笑いを無理やり引っ込ませたゲオルグはにやけが残る顔を軽い咳払いで整えるとアンネマリーの瞳をじっと見つめた。その視線は遠くにいる婚約者を思い出させ、アンネマリーは気まずさに思わず目を逸らす。
どうしてエドウィンを思い出したのか。
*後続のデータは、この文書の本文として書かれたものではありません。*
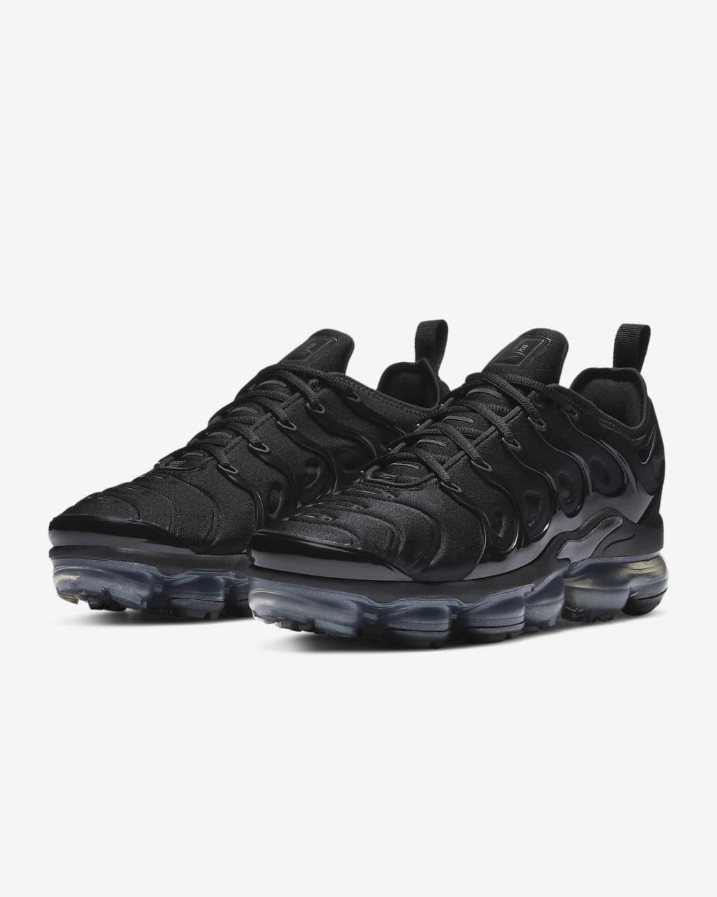 The Nike Air VaporMax Plus looks to the past and propels you into the future. Made with at least 20% recycled material by weight, it keeps the future in mind while including design elements from the '98 Air Max Plus. Revolutionary VaporMax Air technology provides comfort and a modern look, while the floating cage, heel logo and iconic whale tail midfoot shank add heritage style. A sleek all-black upper and black rubber pods on the outsole show off your dark side.
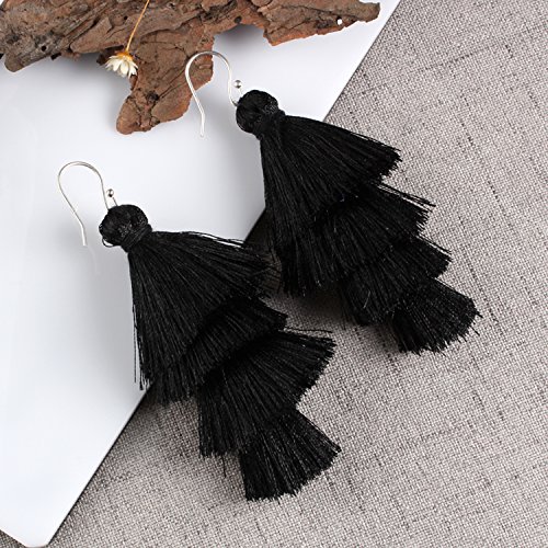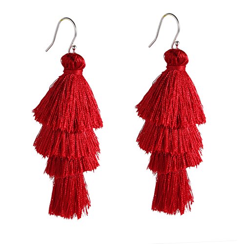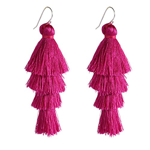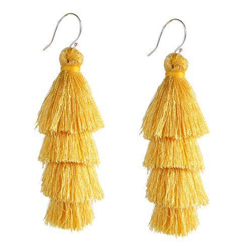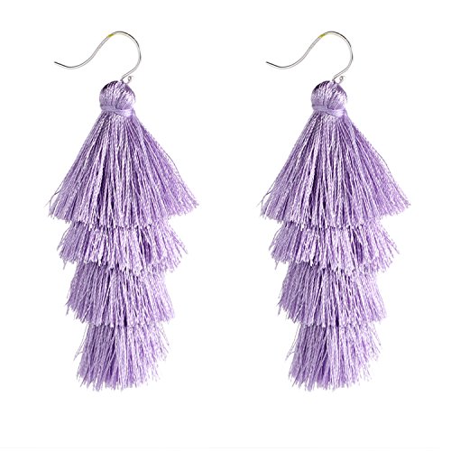 4 Layered Tassel Earrings with sterling silver hook, it is soft easy to adjust the shape
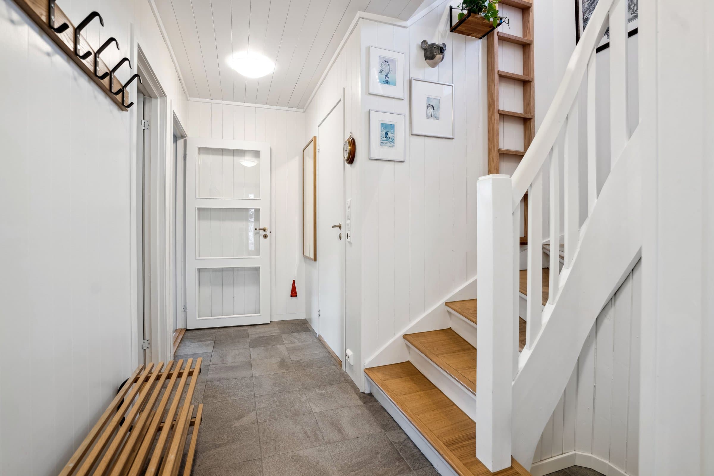 Velkommen til Bjerkakervegen 22, en meget innholdsrik enebolig med sentral beliggenhet på Sør-Tromsøya. Denne boligen er for deg som ønsker litt plass, både ute og inne. Boligen har dobbel garasje, og parkeringsplass for opp til 5 biler. Det er innbringende utleie samt gode sol og lysforhold. I hjertet av huset finner du en vedfyrt bakerovn for de store matopplevelsene! Boligen går over 3 plan med leilighet i u.etg. Store deler av hovedenheten er pusset opp de seneste 5 årene, med blandt annet nytt kjøkken fra 2018 og to bad pusset opp i henholdsvis 2020 og 2021. Flislagt entre med varmekabler fra 2020. Videre består første etasje av kontor, bad, åpen stue/kjøkken løsning med vedfyrt bakerovn og adgang til hage og terrasser med lune uteplasser. Andre etasje har 4 soverom, bad/vaskerom og toalett. Underetasjen er en romslig utleieenhet bestående av åpen stue/kjøkkenløsning, ett soverom, bad, vaskerom og boder. I tilknytning til boligen er en dobbel garasje med boder/verksted samt en hundegård i bakkant. Det er også lagringsplass på mørkeloft. Hagen er åpen og solrik. Her har du mulighet for både tramopline og jorbærland om det ønskes. Pr nå er hagen opparbeidet med plen, prydbusker og staudebed.
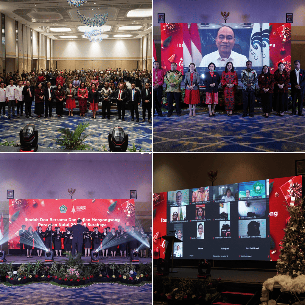 This event was held in conjunction with the Socialization of the National Christmas Implementation as well as a Joint Prayer and Worship Service in Preparation for the National Christmas. It was attended by the Minister of Communication and Information, who also serves as the Chairperson of the National Christmas Committee, Budi Arie Setiadi (virtually); the Director General of Christian Community Guidance, Jeane Marie Tulung; the Director of Christian Religious Affairs, Amsal Yowei; the Director of Christian Education, Sudirman Simanihuruk; and the Rectors of State Christian Religious Higher Education Institutions (PTKKN). The event was also joined by representatives from both the Central and Local Committees of the National Christmas.

それはゲオルグの瞳に熱を感じたからだ。アンネマリーの勘違いかも知れない、自意識過剰かも知れない。だが、紫の瞳はほぼ初対面の人を見るにはおかしすぎるくらいの熱があったのだ。
「あの、トレッチェル男爵……手を」
若干視線を斜め下へ向け、アンネマリーは暗に手を離すよう伝えた。
ゲオルグはわざとらしく『ああ』と言うと手の力を抜く。漸く解かれる手にアンネマリーが安堵した時、流れるような仕草でゲオルグが身を屈めた。
何だと思う間も無く、ゲオルグの一つに纏められた長い銀髪が肩からゆらりと落ちる。指先だけを骨ばった長い指に絡め取られ、手の甲に柔らかい感触が当たった。
「えっ」
眼下に見えるのは銀髪の頭。黒髪ではない、銀髪だ。それがアンネマリーの手にキスをしている。手の甲は親愛の証だと言う。だが、どうにもそれを感じる事が出来ない長さに手が震えだす。ほぼ初対面なのにも関わらずこの距離の詰め方はどうにも気持ちが悪い。
これが普通の貴族令嬢であれば喜ぶことなのかもしれない。だが、アンネマリーには気持ちの悪い行為にしか思えなかった。
ゲオルグ・トレッチェル男爵。もう忘れることが出来なさそうな人間にアンネマリーは顔が見えないのを良い事に思い切り顔を顰めた。